The first few frames in a movie suffer especially badly from beam-induced motion, and can usually be discarded by adjusting the output frame range. This setting will also be respected in all other operations that deal with frames, e. g. particle extraction.

In addition to extracted particles, there are 3 output types for 2D movies:

Average: You will almost always want to produce an average in order to inspect the micrographs visually. You can also use other tools to extract particles from them if you don’t want to use Warp for that.

Deconvolved Average:  The same deconvolved version of the average you can see live in the Real Space tab, written out as an MRC file. This can be useful for inspecting the micrographs with better contrast in other tools, but is usually not needed if you only want to screen the data in Warp. Please note that despite the seemingly better contrast, operations like particle picking won’t work better on the deconvolved images.

Aligned Stack: Some workflows – RELION’s particle polishing in particular – rely on pre-aligned movies as input. Please note that aligned movies are very large and will create significant storage and processing overhead. To save some space, you can collapse groups of consecutive frames into one.

Clicking Start Processing puts Warp into processing mode. This mode remains active until Stop Processing is clicked. Editing any processing settings and launching task dialogs is disabled while in processing mode, but viewing and editing processing results (e. g. particle positions) is enabled.

Warp will go through all items in need of processing sequentially (sorted alphabetically), and perform the currently selected processing steps. If processing results are already available for some steps (e. g. CTF or motion) and their settings match the current ones, the processing will not be repeated for those specific steps in order to save time. However, some processing steps depend on the results of other steps. For instance, particle picking depends on frame alignment because it uses the average. If frame alignment is re-processed, particle picking will be performed again subsequently.
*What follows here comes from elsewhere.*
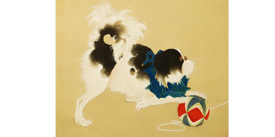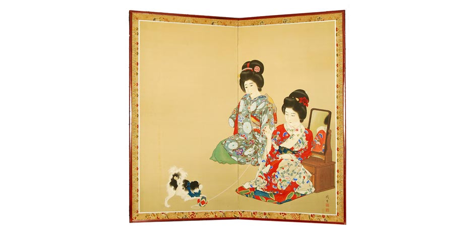 Antique Japanese screen featuring Maiko playing with a chin puppy

This button lets you collapse the settings panel to make more room for the results. With the settings collapsed, there is enough space to display Fourier and Real Space results side by side on a large screen, so both tabs will be merged.

As movies are processed, they change their status. Every movie is initially marked as unprocessed. Once it has passed through the entire pipeline, it is considered processed. If you change any processing settings, previously processed items will be marked as outdated, i. e. in need of re-processing. If a processed item’s quality criteria don’t match the current filter thresholds (see section below), it is labelled filtered out. Finally, if you deselect an item manually in the navigation bar, it will be colored as deselected.

The astigmatism plot shows each movie’s fitted astigmatism in a 2D coordinate system. The coordinates are computed as X = cos(2 * angle) * magnitude, Y = sin(2 * angle) * magnitude. This means the circumference of the depicted circle is only 180° (the fitted angles are only unique within 0–180°). The color reflects an item’s coordinate on the time axis, going from old to new.

Unlike the other filters, the astigmatism filter considers the distance of a movie’s astigmatism to the entire data set’s mean astigmatism, normalized by its standard deviation. Thus, whenever an item’s astigmatism value changes, the entire filter is re-evaluated without an explicit change in the threshold.

The particle count filter has a special additional parameter: the particle file suffix. All particle coordinates are stored as per-movie STAR files in [Input Folder]/matching. Multiple files can be associated with the same movie by using different suffixes. When a movie is added to Warp’s list, it automatically finds all available suffixes for that item. The suffix menu contains the superset of all available suffixes of all items. If you manually add STAR files to the matching folder, you need to restart Warp so it can find the new files.

The filter can only consider one suffix at a time. Please note that the suffix doesn’t update automatically if you start re-picking the data with a different BoxNet model. The suffix list will contain the new BoxNet’s name once at least one micrograph has been picked.